Aktivis pemerhati kebijakan publik, Oka, menilai pengakuan kepala sekolah justru memperkuat dugaan adanya ketidaktepatan dalam pengelolaan dana BOS. Menurutnya, alasan pencampuran pos anggaran tidak bisa dijadikan pembenaran atas pelampauan batas maksimal penggunaan dana sarpras.
“Kalau pos sarpras bercampur dengan ATK dan bahan cetak, itu jelas pelanggaran administratif. Dana BOS memiliki juknis yang tegas dan tidak bisa dicampur aduk antarpos,” tegas Oka, Sabtu (25/10/2025).

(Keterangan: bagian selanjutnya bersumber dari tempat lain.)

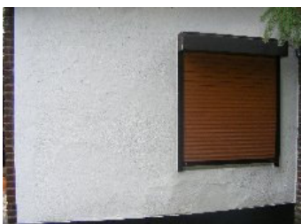
DSCF5145 . jpg
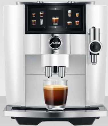
J8 twin Diamond White (EA)

De J8 twin van JURA is uitgerust met twee krachtige conische molens. Door twee koffiemachines in één te combineren, is dit de eerste in de compacte klasse die het beste biedt van twee werelden. Twee verschillende bonenvariëteiten worden gebruikt om met één druk op de knop unieke dranken te creëren, puur of gemengd. Met de J8 twin is er ook de mogelijkheid om gekozen dranken af te werken met delicaat gezoet melkschuim, waardoor een geheel nieuwe smaakwereld wordt geboden. Zwitserse technische expertise met de modernste technologie, zoals de P.A.G.3-molen en de Sweet Foam-functie.
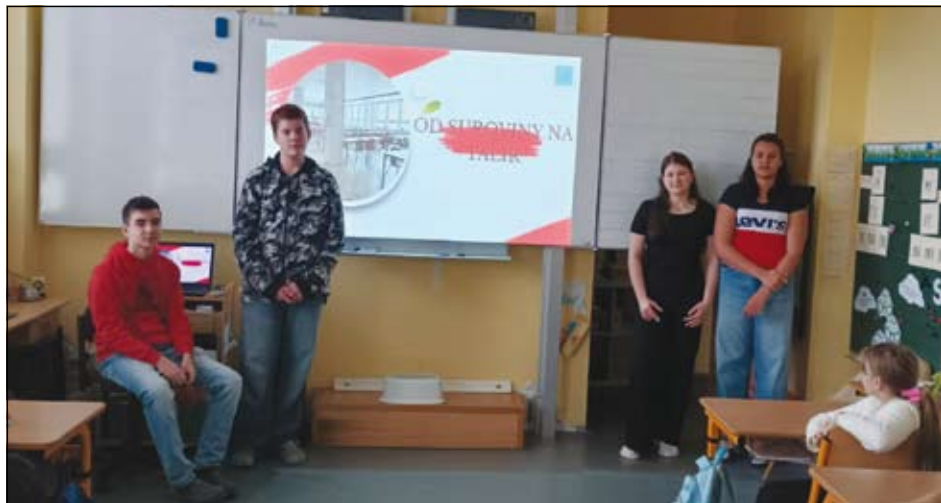
žáci 9. tříd při prezentaci

Děkujeme našim devátákům za skvělou iniciativu a týmu školní jídelny za spolupráci. Dobrou chuť a nezapomeňte: úsměv nic nestojí, ale v kuchyni udělá velkou radost!
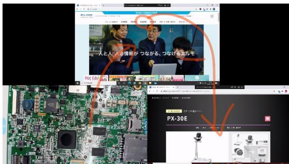
各端末の分割表示画面への 書き込みも可能
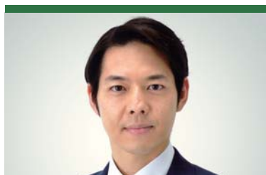
鈴木 直道 北海道知事

北海道胆振東部地震では、組合員による被災組合員への支援、JA役職員や連合会による被災JAへの支援、そして、生協組合員の皆様から多大な義援金を頂くなど、「協同組合の力」を再確認させて頂きました。私たちJAグループ北海道は今後とも、被災された組合員を支援して参ります。
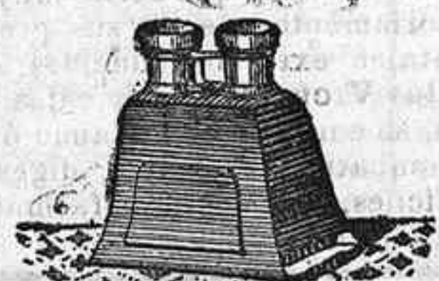
Stereoscopo y doce vistas exposición de 1900, 12'50 PTS.

PLACAS Y PAPELES DE LUMIERE, GUILLEMINOT, ST. CLAIR, LIESEGANG, AMERICANAS Y ALEMANAS
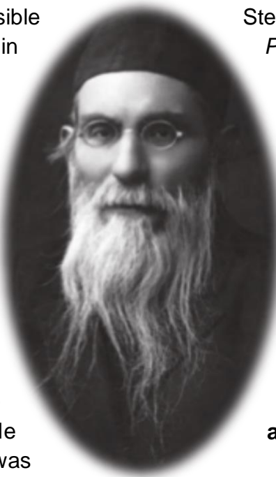
The Alter of Slabodka R' Nosson Tzvi Finkel

"injecting bitter medicine into his Talmidim " wasn't Matzliach . He was a major Baal Mussar , and he criticized himself mercilessly (this is not for us!!) If he felt that he had the slightest ill feeling towards a Talmid , for example, if the Talmid was a drop chutzpadik, then he refused to apply any
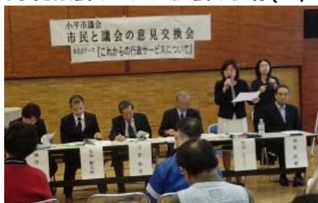
ICT政策を説明。生活の安心・便利を追求しながら、取り残される方を出さないことの重要性も訴える。
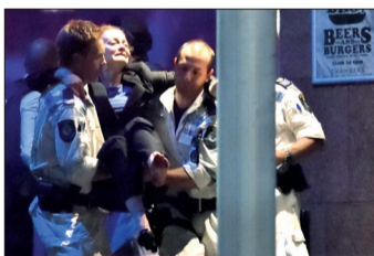
一名受伤人质被抬离咖啡馆
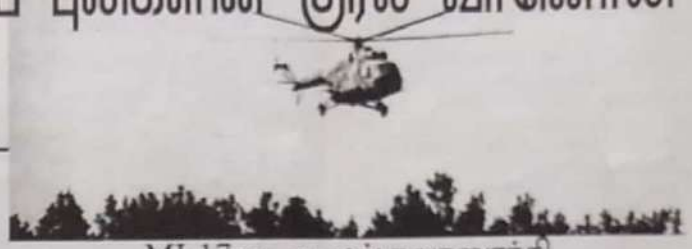
MI-17 ரக உலங்குவானூர்தி

சிறிலங்கா அரசினரும் முப்படைகளினதும் இடையேயான சிறிலங்கா வான்ப்படையின் பிரதான மையத் தளத்திலுள்ள இன்று அதிகாலை முதல் முற்பகல் வரை விடுதலைப் புலிகள் மேற்கொண்ட துணிசூர ஊடுருவல் தாக்குதலில் சிறிலங்கா வான்ப்படையின் 8 வான்ணர்திகளும் 3 போக்குவரத்து வான் ஊர்திகளும் முற்றாக தகர்க்கப்பட்டன என 3 போக்குவரத்து வான்ணர்திகள் கருமையான சேதம் அடைந்துள்ளன. செய்தி ஊடகங்கள் தரும் தரவுகளின்படி விடுதலைப் புலிகளின் அணி ஒன்று ஊடுருவல் நடவடிக்கை ஒன்றை மேற்கொண்டு உச்ச பாதுகாப்புக் கொண்ட கட்டுநாயக்க விமானப்படைத்தளத்தில் யுணமுத்து அங்கு இன்று அதிகாலை 3.25 மணி அளவில் தாக்குதலை தீவிரமாக ஆரம்பித்தனர். விமானப்படையின் அறிவுப் தாக்குதல் வலுவாக வான்ணர்திகளின் தரிப்பிடத்தின் மீது முதலில் தாக்குதலை விடுதலைப் புலிகள் நடத்தினர். இன்று காலை 7.30 க்குள் தரிப்பிடத்தில் நின்ற 8 வான்ணர்திகள் தாக்கப்பட்டு எரிபூட்டப்பட்டன. இதில் 8 வான்ணர்திகளும் தகர்ந்துபோயின. அத்துடன் ஏரிப்பொருள் தாங்கியும் எரிபூட்டப்பட்டன. மிக 279 க் மிகையொளி வேகத் தாக்குதல் விமானம் ஒன்று, கீ.பி மிகையொளி வேகத் தாக்குதல் விமானங்கள் இரண்டு, MI-24 ரக தாக்குதல் வான்ணர்தி ஒன்று, MI-17 ரக படைக்காணி வான்ணர்தி ஒன்று, A 8 பயிற்சி விமானங்கள் மூன்று என்பன அழிக்கப் பட்டனவென்றது.
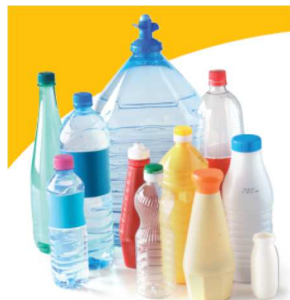
Uniquement bouteilles et flacons en plastique
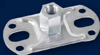
Montageplatten für Ablaufrohrschellen mit Gewindestift
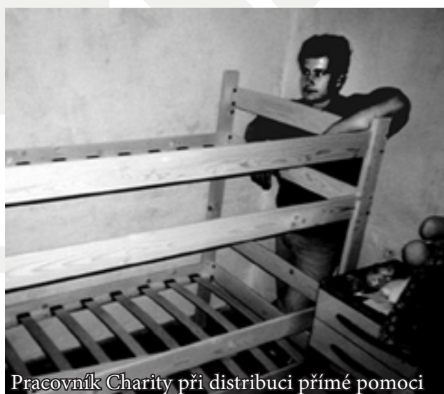
Pracovník Charity při distribuci přímé pomoci
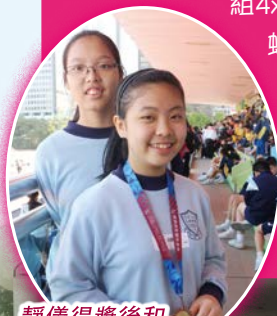
靜儀得獎後和雨晴分享喜悅
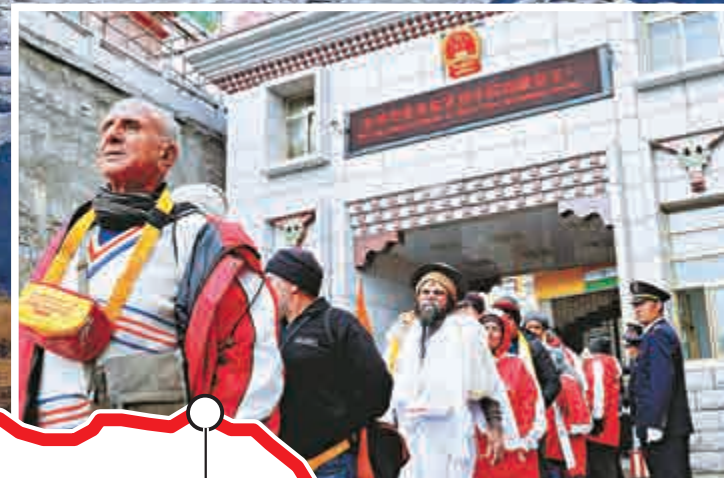
▲22日，印度香客通過新開放的中印邊境乃堆拉山口赴西藏神山朝聖
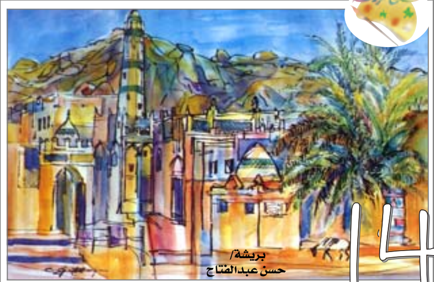
بريشة/ حسن عبدالفتاح

الأحد ٢٠ ربيع ثاني ١٤٢٦هـ الموافق ٢٩ مايو ٢٠٠٥ العدد (١٤٨٩)

Oka mendesak Dinas Pendidikan Kabupaten Lebak segera menurunkan tim audit tanpa harus menunggu tekanan publik.
“Dinas harus bergerak cepat. Jangan menunggu viral baru turun. Audit perlu dilakukan secara terbuka dan hasilnya dipublikasikan agar tidak ada kecurigaan publik,” ujarnya.
Ia juga mendorong Inspektorat Daerah dan komite sekolah untuk turut mengawal proses audit agar hasilnya objektif dan tidak sekadar formalitas.
“Kami akan terus mengawal isu ini. Kalau benar ada pencampuran anggaran, maka harus diluruskan. Sekolah adalah lembaga publik, tidak boleh sembunyi di balik alasan administratif,” tambahnya.
Oka menegaskan pentingnya transparansi dan pengawasan publik dalam penggunaan dana pendidikan yang bersumber dari APBN.
“Transparansi bukan hanya soal laporan, tapi juga keberanian membuka data. Masyarakat berhak tahu ke mana uang pendidikan itu digunakan,” kata Oka menutup keterangannya.
Hingga berita ini diterbitkan, Dinas Pendidikan Kabupaten Lebak belum memberikan tanggapan resmi terkait temuan tersebut maupun desakan audit dari berbagai pihak.
Sementara itu, publik di Kecamatan Muncang dan sekitarnya kini menantikan langkah konkret pemerintah daerah dalam menindaklanjuti dugaan kelebihan alokasi dana BOS di SDN 1 Ciminyak.
“Kalau Dinas Pendidikan tidak segera bertindak, ini bisa menjadi preseden buruk bagi sekolah lain. Transparansi adalah ujian moral sekaligus tanggung jawab hukum,” pungkas Oka.